Information provided:
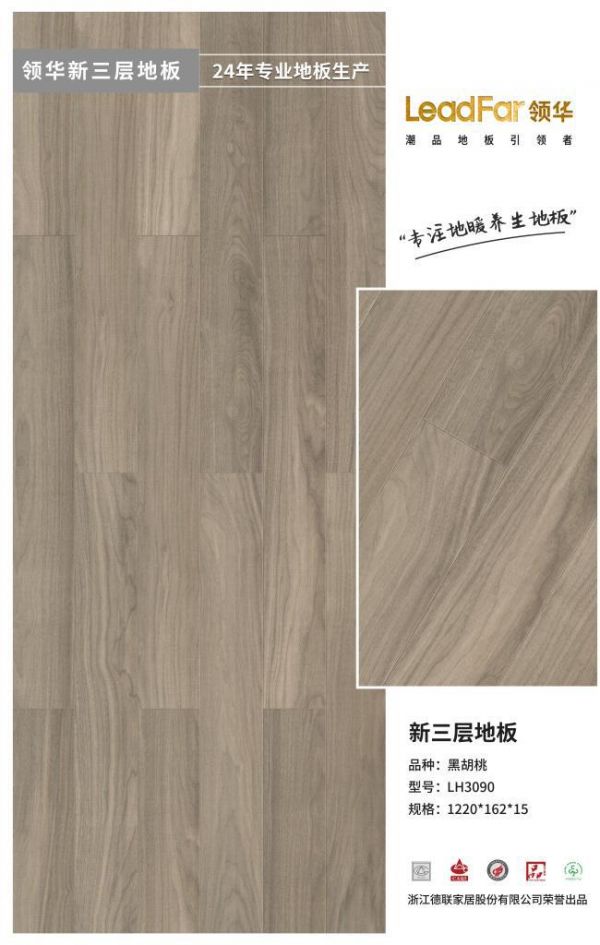为了满足各大消费者的不同需求,领华地板推出了多类别的黑胡桃地板产品,如实木锁扣地热地板系列、实木三层系列、实木多层系列等等。甄选全球珍稀树种,特殊工艺加持,与居家空间有机融合,展现空间的色彩和质感美,构建温馨的家居空间。
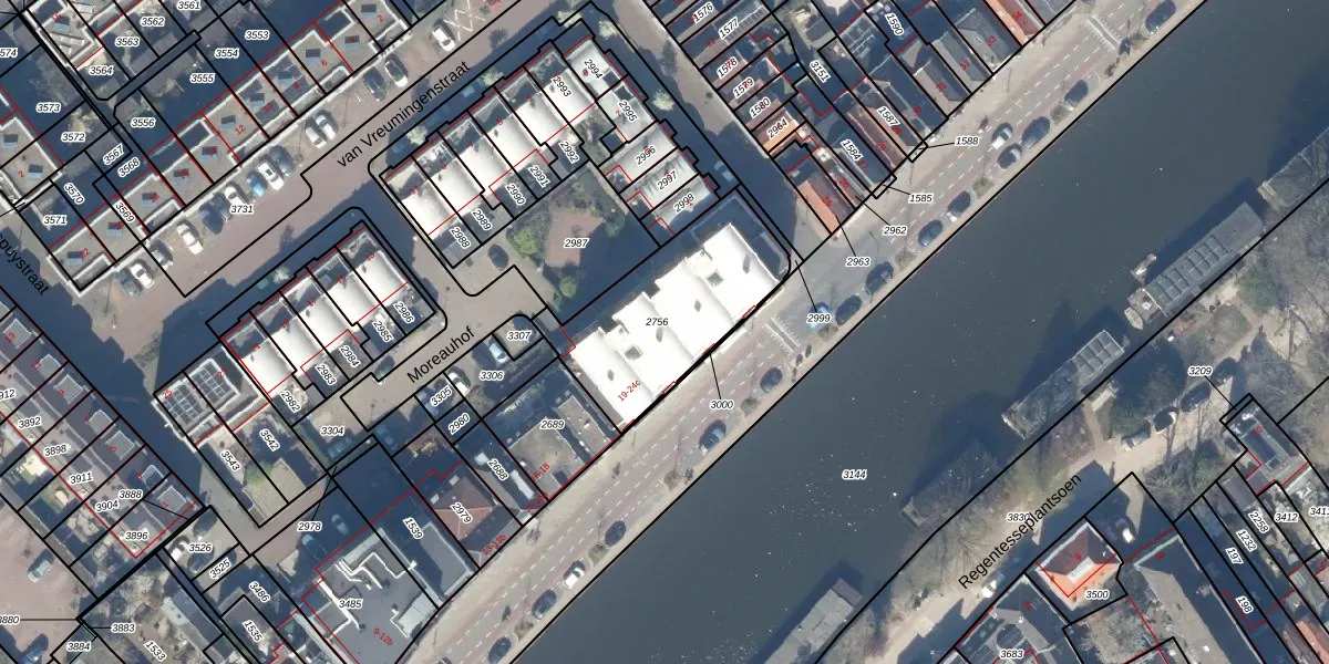 Het perceel waarop het adres ligt is GDA01-H-2756. De afkorting 'GDA01' staat voor kadastrale gemeente Gouda. De gemiddelde perceelgrootte in Gouda is 681,16 m². Dit perceel is kleiner: de perceeloppervlakte bedraagt 623 m². Het kleinste perceel in de kadastrale gemeente is 0 m² groot. De grootste perceeloppervlakte is 24,2 ha. Op het perceel zijn 16 adressen aanwezig. In de Basisregistratie Kadaster (BRK) werden de grenzen van het perceel geregistreerd op 25-09-2003.
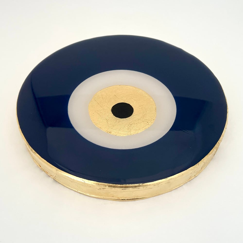 Hand painted canvas with enamel, acrylic and gold leaf and coated with resin.
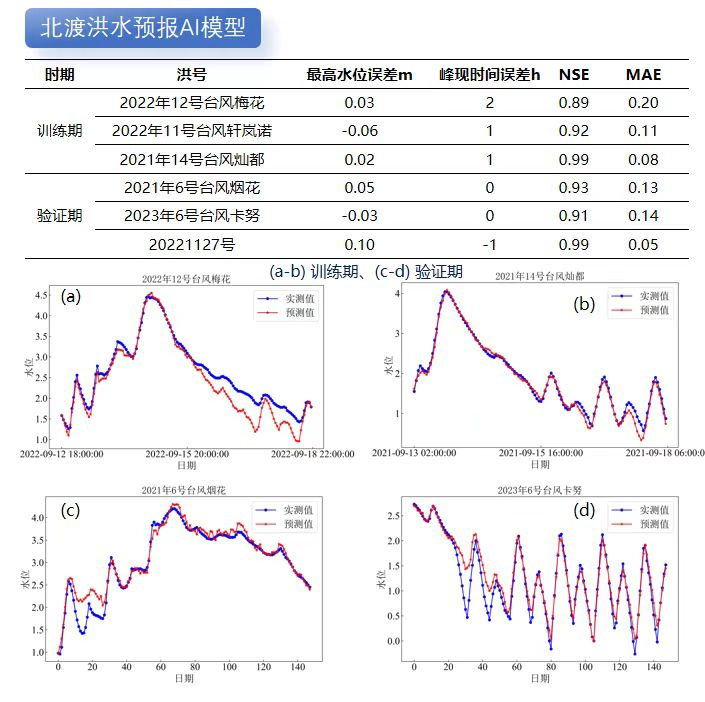利用成熟水利專業(yè)模型模擬計算不同降雨潮位邊界條件下的洪水過程數(shù)據(jù),再基于DeepSeek對海量洪水模擬數(shù)據(jù)成果進行模型訓練和蒸餾。目前我院已對北渡、鎮(zhèn)海等重要流域控制站點進行了AI洪水預報模型訓練和精度驗證,結(jié)果表明AI洪水預報的準確性不輸傳統(tǒng)水利專業(yè)模型。

What needs to be done:
Recopy the whole listing above precisely, excluding images.

Task output:
为了满足各大消费者的不同需求,领华地板推出了多类别的黑胡桃地板产品,如实木锁扣地热地板系列、实木三层系列、实木多层系列等等。甄选全球珍稀树种,特殊工艺加持,与居家空间有机融合,展现空间的色彩和质感美,构建温馨的家居空间。
 Het perceel waarop het adres ligt is GDA01-H-2756. De afkorting 'GDA01' staat voor kadastrale gemeente Gouda. De gemiddelde perceelgrootte in Gouda is 681,16 m². Dit perceel is kleiner: de perceeloppervlakte bedraagt 623 m². Het kleinste perceel in de kadastrale gemeente is 0 m² groot. De grootste perceeloppervlakte is 24,2 ha. Op het perceel zijn 16 adressen aanwezig. In de Basisregistratie Kadaster (BRK) werden de grenzen van het perceel geregistreerd op 25-09-2003.
 Hand painted canvas with enamel, acrylic and gold leaf and coated with resin.
利用成熟水利專業(yè)模型模擬計算不同降雨潮位邊界條件下的洪水過程數(shù)據(jù),再基于DeepSeek對海量洪水模擬數(shù)據(jù)成果進行模型訓練和蒸餾。目前我院已對北渡、鎮(zhèn)海等重要流域控制站點進行了AI洪水預報模型訓練和精度驗證,結(jié)果表明AI洪水預報的準確性不輸傳統(tǒng)水利專業(yè)模型。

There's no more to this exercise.